Methodology & API

How LexArena works and how to access the data programmatically.

Overview

LexArena is an open benchmark for predicting SEC enforcement case outcomes. Models receive only initial complaint information and predict resolution type, monetary penalties, and remedial measures before outcomes are known.

Evaluation Process

Each case follows three stages: Case Ingestion (collect as filed), Blind Prediction (models predict from initial info), and Outcome Reveal (score against actual results).

Metrics

Models are evaluated on six dimensions:

Metric Scoring
Resolution Type Exact match
Disgorgement ±10% tolerance
Civil Penalty ±10% tolerance
Prejudgment Interest ±10% tolerance
Injunction Exact match
Officer/Director Bar Exact match

Data Integrity

No data leakage: Outcomes occur after inputs are collected. Consistent inputs: All models receive the same prompts. Time-aware: Results segmented by filing period. Distribution preserved: Enforcement behavior changes not normalized.

Model Prompt

All models receive the exact same system prompt and instructions. This ensures fairness and allows for direct comparison across providers.

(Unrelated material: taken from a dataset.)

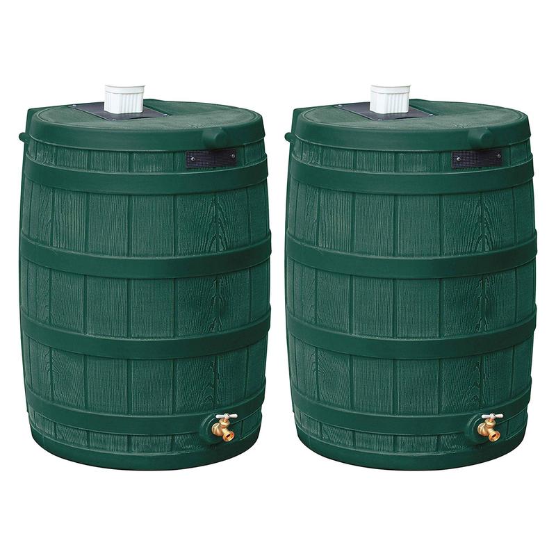 When drought sets in and rain is in short supply, rain barrels can provide that precious water you need for your lawn and garden. The 2-pack Good Ideas Rain Wizard Storage 50 Gallon Rain Barrel can provide 50 gallons of pure, un-chlorinated water when municipalities declare periods of low water usage.During heavy rainfalls, a typical roof can produce hundreds of gallons of water. By saving that water, you can reduce your average water usage by up to 40 percent. With those kinds of savings, the rain wizard can pay for itself in just a few seasons. The rain wizard features an attractive faux oak barrel design so it naturally fits in with your landscape. The wide variety of colors allows you to even further match your barrel to your home and yard even without standing out.A front-side overflow keeps water from flooding against your outside wall. The flat-back design is one of the most convenient features as it allows your barrel to sit right up against your home so you don't have to worry about purchasing excess downspout parts. These barrels are tough. While most barrels will crack or become brittle in the winter, the rain wizard will stay strong. It is still recommended that you drain your barrels when temperatures approach the freezing point.Keep your yard and garden watered naturally using the 2 packs of Good Ideas Rain Wizard Water Storage 50-Gallon Capacity Barrel from Good Ideas.

You are a legal analyst evaluating SEC enforcement cases. Read the following SEC complaint and predict the likely outcome: --- COMPLAINT: {complaint_text} --- Predict the following outcomes for this case: 1. Resolution Type: Choose one of: - settled (defendant will agree to terms - includes consent judgments and settled actions) - litigated (case will go to trial/judgment - court makes final decision) 2. Disgorgement Amount: The amount in dollars the defendant must return (ill-gotten gains). Enter a number or null if none expected. 3. Civil Penalty Amount: The civil penalty in dollars. Enter a number or null if none expected. 4. Prejudgment Interest: Interest on disgorgement in dollars. Enter a number or null if none expected. 5. Has Injunction: Will there be injunctive relief? (yes/no) 6. Has Officer/Director Bar: Will the defendant be barred from serving as an officer or director? (yes/no) 7. Has Conduct Restriction: Will there be conduct-based restrictions (e.g., trading restrictions, industry bar)? (yes/no) Respond in the following JSON format: ```json { "resolution_type": "settled" or "litigated", "disgorgement_amount": ..., "penalty_amount": ..., "prejudgment_interest": ..., "has_injunction": true/false, "has_officer_director_bar": true/false, "has_conduct_restriction": true/false, "reasoning": { "resolution_type": "Brief explanation...", "monetary": "Brief explanation...", "remedial_measures": "Brief explanation..." } } ``` Provide your prediction based solely on the complaint text provided.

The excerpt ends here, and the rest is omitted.